Roche's Genentech Reports 22.5% Weight Loss in Phase II Trial of Obesity Drug CT-388

Genentech, a member of the Roche Group, announced positive topline results from CT388-103, a Phase II clinical trial of CT-388, an investigational dual GLP-1/GIP receptor agonist being developed for the treatment of obesity. The study found that once-weekly subcutaneous injections of CT-388 (titrated up to 24 mg) resulted in significant and clinically meaningful placebo-adjusted weight loss of 22.5% (efficacy estimand) without reaching a weight loss plateau at 48 weeks.

A clear dose-response relationship on the weight loss was observed. For the treatment-regimen estimand, the placebo-adjusted weight loss achieved with CT-388 was 18.3% (p-value < 0.001). At week 48 for the 24 mg dose, 95.7% of CT-388 treated participants achieved a weight loss of ≥5%, 87% achieved ≥10%, 47.8% achieved ≥20%, and 26.1% achieved ≥30%. 73% of participants who were pre-diabetic at baseline and treated with CT-388 at 24 mg achieved normal blood glucose levels at week 48 compared to 7.5% in the placebo group.

The treatment was well-tolerated, with the majority of gastrointestinal-related adverse events being mild-to-moderate, generally consistent with the incretin class of medicines. The treatment discontinuation rate due to adverse events was low (5.9% in CT-388 arms; 1.3% in placebo arm).

The multi-center, randomized, double-blind, placebo-controlled, parallel group dose-finding Phase II trial was designed to evaluate the efficacy and safety of CT-388 at low, middle, and high doses in 469 people with obesity. It includes adults with obesity (BMI≥30.0 kg/m2) or overweight (BMI ≥27.0 and <30.0 kg/m2) with at least one weight-related comorbidity without type 2 diabetes and evaluated five dosing cohorts with different up-titration schemes with 24 mg being the highest dose tested. The primary endpoint was percent change in body weight from baseline to week 48.

CT-388 is currently being investigated in an additional Phase II study (CT388-104) to evaluate the efficacy, safety and tolerability of CT-388 in participants who are living with obesity or are overweight and have type 2 diabetes. The Phase III clinical trial program of CT-388 in obesity (Enith1 and Enith2) is expected to start this quarter. In addition to offering robust efficacy as a standalone therapy, CT-388 also plays a key role in unlocking the promise of the obesity pipeline and is considered as a combination asset for petrelintide.

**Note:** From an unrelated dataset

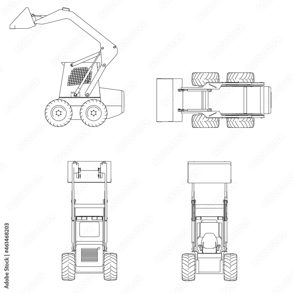 Obraz na plátně Set with wireframe of a small forklift from black lines isolated on white background

CT-388 is an investigational once-weekly subcutaneous injectable, dual GLP-1/GIP receptor agonist being developed for the treatment of obesity, type 2 diabetes, and other obesity-related comorbidities. It aims to reduce appetite and regulate blood sugar by selectively targeting and activating both receptors which integrate nutrient-derived signals to control energy homeostasis. CT-388 was designed to have potent activation of both GLP-1 and GIP receptors, but with minimal to no ß-arrestin recruitment on either receptor. This biased signaling significantly minimizes receptor internalization and consequent desensitization, which is expected to lead to prolonged pharmacological activity.

The CEO stated that the company expects to be among the top three players in the weight-loss drug market at a minimum, aiming to secure a double-digit market share in the sector. Roche's cardiometabolic portfolio includes multiple weight-loss drugs: CT-388 (a GLP-1/GIP dual receptor agonist) acquired through the acquisition of Carmot, CT-996 (an oral small-molecule GLP-1 receptor agonist), and CT-868 (an oral GLP-1/GIP dual receptor agonist). Additionally, it has Petrelintide, a long-acting amylin analog licensed from Zealand Pharma, Pegozafermin, a MASH drug obtained from the acquisition of 89bio, and Emugrobart, a self-developed MSTN monoclonal antibody.

According to phase 1b clinical data, a fixed-dose combination of CT-388 with petrelintide achieved an average weight loss of 8.6% over 16 weeks. CT-996 is a biased GLP-1R agonist oral small molecule currently in phase II trials for treating obesity and type 2 diabetes. Phase I trial results showed that CT-996 led to an average weight loss of 7.3% in obese patients without type 2 diabetes after four weeks of treatment. CT-868 is expected to enter phase III clinical trials for type 1 diabetes treatment by 2026.

By 2035, over four billion people (more than half of the global population) are projected to be living with excess weight or obesity, a trend affecting nearly every country. This rise is driven by a complex mix of genetics and biology as well as behavioral, environmental and socioeconomic factors, placing an increased strain on healthcare systems due to the associated burden of comorbidities and reduced quality of life.